BAAI/bge-large-zh
Property | Value |
---|---|
Parameter Count | 326M |
Embedding Dimension | 1024 |
License | MIT |
Paper | C-Pack: Packaged Resources To Advance General Chinese Embedding |
What is bge-large-zh?
BGE-large-zh is a state-of-the-art Chinese text embedding model developed by BAAI that excels in generating dense vector representations for Chinese text. It's specifically designed for tasks like semantic search, retrieval, and similarity computation, achieving top performance on the C-MTEB benchmark.
Implementation Details
The model utilizes a transformer-based architecture and has been trained using both RetroMAE pre-training and contrastive learning on large-scale paired data. It generates 1024-dimensional embeddings and supports sequence lengths up to 512 tokens.
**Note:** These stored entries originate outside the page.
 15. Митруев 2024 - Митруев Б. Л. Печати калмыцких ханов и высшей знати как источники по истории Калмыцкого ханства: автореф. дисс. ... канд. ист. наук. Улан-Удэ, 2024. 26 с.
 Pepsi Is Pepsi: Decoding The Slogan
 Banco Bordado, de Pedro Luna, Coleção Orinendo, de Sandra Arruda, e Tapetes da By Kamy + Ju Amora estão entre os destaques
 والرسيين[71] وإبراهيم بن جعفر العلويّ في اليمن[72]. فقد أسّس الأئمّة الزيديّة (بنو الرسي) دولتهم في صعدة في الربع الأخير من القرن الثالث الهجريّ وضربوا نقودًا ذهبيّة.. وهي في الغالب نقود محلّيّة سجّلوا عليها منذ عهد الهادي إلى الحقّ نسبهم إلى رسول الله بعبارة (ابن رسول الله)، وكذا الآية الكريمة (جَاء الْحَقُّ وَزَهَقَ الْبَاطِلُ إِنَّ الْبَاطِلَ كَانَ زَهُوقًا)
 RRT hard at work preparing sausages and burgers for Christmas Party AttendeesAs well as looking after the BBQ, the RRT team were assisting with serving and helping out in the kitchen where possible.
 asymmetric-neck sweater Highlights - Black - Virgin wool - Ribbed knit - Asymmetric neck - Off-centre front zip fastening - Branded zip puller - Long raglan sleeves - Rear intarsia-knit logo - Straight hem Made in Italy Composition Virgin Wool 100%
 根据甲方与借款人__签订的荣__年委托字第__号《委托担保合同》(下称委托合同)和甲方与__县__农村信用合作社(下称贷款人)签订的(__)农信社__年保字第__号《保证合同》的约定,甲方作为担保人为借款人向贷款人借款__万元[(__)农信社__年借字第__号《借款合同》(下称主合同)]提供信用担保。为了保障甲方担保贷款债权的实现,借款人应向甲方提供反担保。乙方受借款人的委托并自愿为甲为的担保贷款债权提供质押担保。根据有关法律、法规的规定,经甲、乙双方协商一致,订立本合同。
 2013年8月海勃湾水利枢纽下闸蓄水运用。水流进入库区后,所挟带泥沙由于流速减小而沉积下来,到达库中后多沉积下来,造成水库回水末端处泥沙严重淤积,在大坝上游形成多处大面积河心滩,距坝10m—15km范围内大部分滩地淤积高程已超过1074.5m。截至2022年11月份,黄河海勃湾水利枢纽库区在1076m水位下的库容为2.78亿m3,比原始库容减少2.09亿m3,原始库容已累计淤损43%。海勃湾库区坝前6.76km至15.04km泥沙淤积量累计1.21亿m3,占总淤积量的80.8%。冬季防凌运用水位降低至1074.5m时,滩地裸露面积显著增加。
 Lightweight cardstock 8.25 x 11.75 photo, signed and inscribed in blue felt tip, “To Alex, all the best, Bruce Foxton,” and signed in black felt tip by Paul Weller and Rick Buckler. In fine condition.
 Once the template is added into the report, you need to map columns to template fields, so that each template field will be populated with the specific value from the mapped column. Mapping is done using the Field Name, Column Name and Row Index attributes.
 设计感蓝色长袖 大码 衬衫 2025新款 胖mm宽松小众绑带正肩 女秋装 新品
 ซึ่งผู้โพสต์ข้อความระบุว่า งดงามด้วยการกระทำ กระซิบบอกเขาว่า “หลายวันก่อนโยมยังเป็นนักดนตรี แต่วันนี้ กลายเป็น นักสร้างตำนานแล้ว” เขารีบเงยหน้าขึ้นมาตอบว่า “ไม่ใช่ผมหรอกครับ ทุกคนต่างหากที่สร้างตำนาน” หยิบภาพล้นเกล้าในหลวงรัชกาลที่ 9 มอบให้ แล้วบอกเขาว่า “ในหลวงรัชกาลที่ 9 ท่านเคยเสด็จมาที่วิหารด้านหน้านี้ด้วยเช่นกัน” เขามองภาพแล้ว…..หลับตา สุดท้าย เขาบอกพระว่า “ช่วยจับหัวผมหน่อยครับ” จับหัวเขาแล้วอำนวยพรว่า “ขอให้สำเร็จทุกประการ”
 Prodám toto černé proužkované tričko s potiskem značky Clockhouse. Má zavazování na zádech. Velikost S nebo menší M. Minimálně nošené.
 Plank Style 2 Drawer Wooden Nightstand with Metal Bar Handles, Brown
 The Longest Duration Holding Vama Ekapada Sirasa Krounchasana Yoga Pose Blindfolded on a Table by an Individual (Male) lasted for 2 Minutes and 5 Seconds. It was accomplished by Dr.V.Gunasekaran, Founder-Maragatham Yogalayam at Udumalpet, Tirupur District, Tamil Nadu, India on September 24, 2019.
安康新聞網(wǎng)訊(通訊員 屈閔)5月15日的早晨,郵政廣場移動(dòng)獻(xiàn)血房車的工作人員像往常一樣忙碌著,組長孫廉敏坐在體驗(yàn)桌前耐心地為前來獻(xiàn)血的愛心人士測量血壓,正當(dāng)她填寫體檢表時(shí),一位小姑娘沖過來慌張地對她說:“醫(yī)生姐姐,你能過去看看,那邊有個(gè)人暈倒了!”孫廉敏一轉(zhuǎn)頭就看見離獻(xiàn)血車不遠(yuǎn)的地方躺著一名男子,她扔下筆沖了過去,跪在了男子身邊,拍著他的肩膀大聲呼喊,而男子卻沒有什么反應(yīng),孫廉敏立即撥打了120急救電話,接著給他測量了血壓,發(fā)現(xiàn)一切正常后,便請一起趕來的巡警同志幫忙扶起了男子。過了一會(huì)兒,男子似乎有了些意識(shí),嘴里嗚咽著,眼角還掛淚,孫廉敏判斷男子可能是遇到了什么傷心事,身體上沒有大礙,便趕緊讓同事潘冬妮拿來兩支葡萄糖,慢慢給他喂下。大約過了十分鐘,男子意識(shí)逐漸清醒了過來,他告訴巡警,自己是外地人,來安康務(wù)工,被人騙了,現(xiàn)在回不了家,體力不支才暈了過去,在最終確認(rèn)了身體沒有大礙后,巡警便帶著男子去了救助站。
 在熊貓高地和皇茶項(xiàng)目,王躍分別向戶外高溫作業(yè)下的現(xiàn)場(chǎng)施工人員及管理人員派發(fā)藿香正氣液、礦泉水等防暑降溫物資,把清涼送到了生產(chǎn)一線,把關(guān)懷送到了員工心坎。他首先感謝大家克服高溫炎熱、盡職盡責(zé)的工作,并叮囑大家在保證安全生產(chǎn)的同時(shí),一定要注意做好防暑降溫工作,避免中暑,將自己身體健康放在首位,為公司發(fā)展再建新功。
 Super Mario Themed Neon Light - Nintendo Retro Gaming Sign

- Optimized for both retrieval and similarity tasks
- Supports efficient inference with FP16 precision
- Includes special instruction-tuning for improved retrieval performance
Core Capabilities
- High-quality Chinese text embeddings generation
- State-of-the-art performance on C-MTEB benchmark
- Efficient similarity computation and semantic search
- Cross-lingual capabilities
- Support for both short and long text embedding
Frequently Asked Questions
Q: What makes this model unique?
BGE-large-zh stands out for its exceptional performance on Chinese text embedding tasks, ranking first on the C-MTEB benchmark. It's specifically optimized for retrieval tasks and includes special instruction-tuning capabilities that improve performance.
Q: What are the recommended use cases?
The model is ideal for semantic search, document retrieval, similarity calculation, and building vector databases for LLMs. It's particularly effective when used with an instruction prefix for query-passage retrieval tasks.